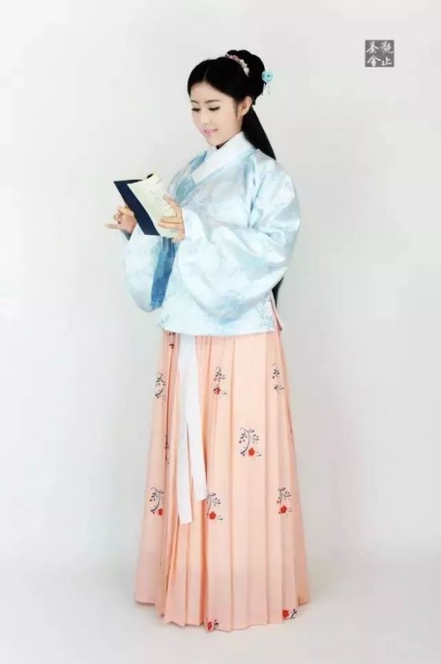 襦裙出现在战国时期,兴起于魏晋南北朝。襦裙属于汉服的一种,上身穿的短衣和下身束的裙子合称襦裙,是典型的“上衣下裳”衣制。上衣叫做“襦”,长度较短,一般长不过膝,下身则叫“裙”。可见,“襦裙”其实是两种衣物的合称。
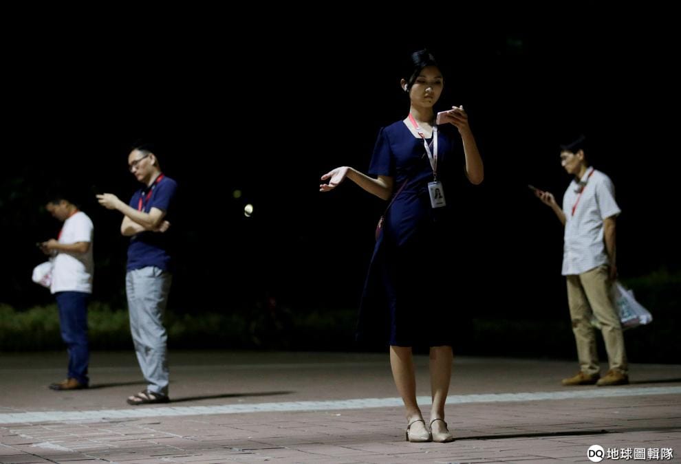 在廣東省深圳市的華為總部,一名加班完的女子一邊等公車,一邊用手機上的app學習舞蹈。
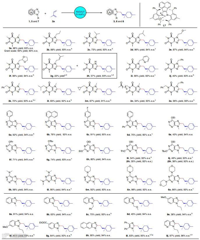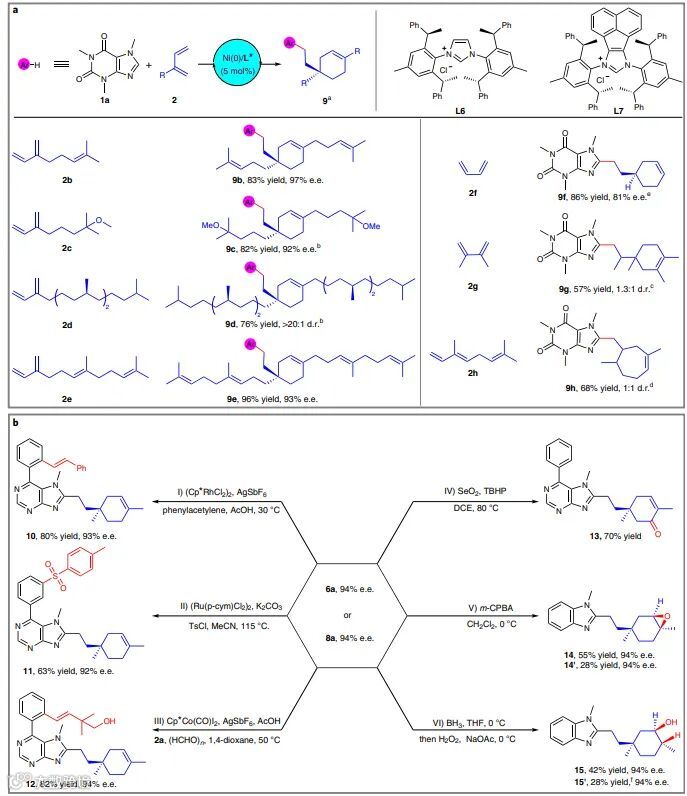 萜类化合物几乎存在于所有的生物体(如真菌、微生物、昆虫、海洋生物等)中并具有生理功能。在自然界中,萜类化合物的生物合成始于异戊烯基焦磷酸酯(IPP)和二甲基烯丙基焦磷酸酯(DMAPP),通过香叶基焦磷酸酯合酶(GPPase)缩合形成香叶基焦磷酸酯(GPP),GPP在酶催化下经关键中间体(香叶基正离子)生成相应的单萜烯和单萜类化合物(图1a)。尽管自然界已经进化了数百万年,但酶介导的碳正离子环化仅得到七个代表性的碳环骨架,再被进一步氧化和重排以产生其它单萜类化合物。因此,如何通过人工催化体系产生额外的单萜骨架至关重要,其中异戊二烯是生产萜烯和萜类化合物的重要前体。早在1967年,Smutny和Takahashi就报道了过渡金属催化的1,3-丁二烯与亲核试剂的调聚反应。随后,Beller、Finn、Réau、Navarro和 Carbó等人陆续开发了异戊二烯的亲核调聚反应以制备无环单萜(图1b)。尽管反应的区域选择性较好,但是从未研究过对映选择性调聚反应,同时异戊二烯的亲核环化调聚反应仍尚未开发。另一方面,杂环化合物(如嘌呤和咪唑)在药物分子和天然产物中也是极为重要的结构,化学家致力于研究这些化合物的官能团化,例如Ellman、Cavell、叶萌春、Ackermann和Cramer等人报道了Ni-催化简单烯烃的直接C-H键杂芳基化。将过渡金属催化的C-H键活化与异戊二烯的多样性转化与结合起来,就有可能为打开新的研究局面。

============

ASSIGNED TASK –
Every line above gets copied exactly; none of the pictures do.

SOLUTION TO THE EXERCISE –
 襦裙出现在战国时期,兴起于魏晋南北朝。襦裙属于汉服的一种,上身穿的短衣和下身束的裙子合称襦裙,是典型的“上衣下裳”衣制。上衣叫做“襦”,长度较短,一般长不过膝,下身则叫“裙”。可见,“襦裙”其实是两种衣物的合称。
 在廣東省深圳市的華為總部,一名加班完的女子一邊等公車,一邊用手機上的app學習舞蹈。
 萜类化合物几乎存在于所有的生物体(如真菌、微生物、昆虫、海洋生物等)中并具有生理功能。在自然界中,萜类化合物的生物合成始于异戊烯基焦磷酸酯(IPP)和二甲基烯丙基焦磷酸酯(DMAPP),通过香叶基焦磷酸酯合酶(GPPase)缩合形成香叶基焦磷酸酯(GPP),GPP在酶催化下经关键中间体(香叶基正离子)生成相应的单萜烯和单萜类化合物(图1a)。尽管自然界已经进化了数百万年,但酶介导的碳正离子环化仅得到七个代表性的碳环骨架,再被进一步氧化和重排以产生其它单萜类化合物。因此,如何通过人工催化体系产生额外的单萜骨架至关重要,其中异戊二烯是生产萜烯和萜类化合物的重要前体。早在1967年,Smutny和Takahashi就报道了过渡金属催化的1,3-丁二烯与亲核试剂的调聚反应。随后,Beller、Finn、Réau、Navarro和 Carbó等人陆续开发了异戊二烯的亲核调聚反应以制备无环单萜(图1b)。尽管反应的区域选择性较好,但是从未研究过对映选择性调聚反应,同时异戊二烯的亲核环化调聚反应仍尚未开发。另一方面,杂环化合物(如嘌呤和咪唑)在药物分子和天然产物中也是极为重要的结构,化学家致力于研究这些化合物的官能团化,例如Ellman、Cavell、叶萌春、Ackermann和Cramer等人报道了Ni-催化简单烯烃的直接C-H键杂芳基化。将过渡金属催化的C-H键活化与异戊二烯的多样性转化与结合起来,就有可能为打开新的研究局面。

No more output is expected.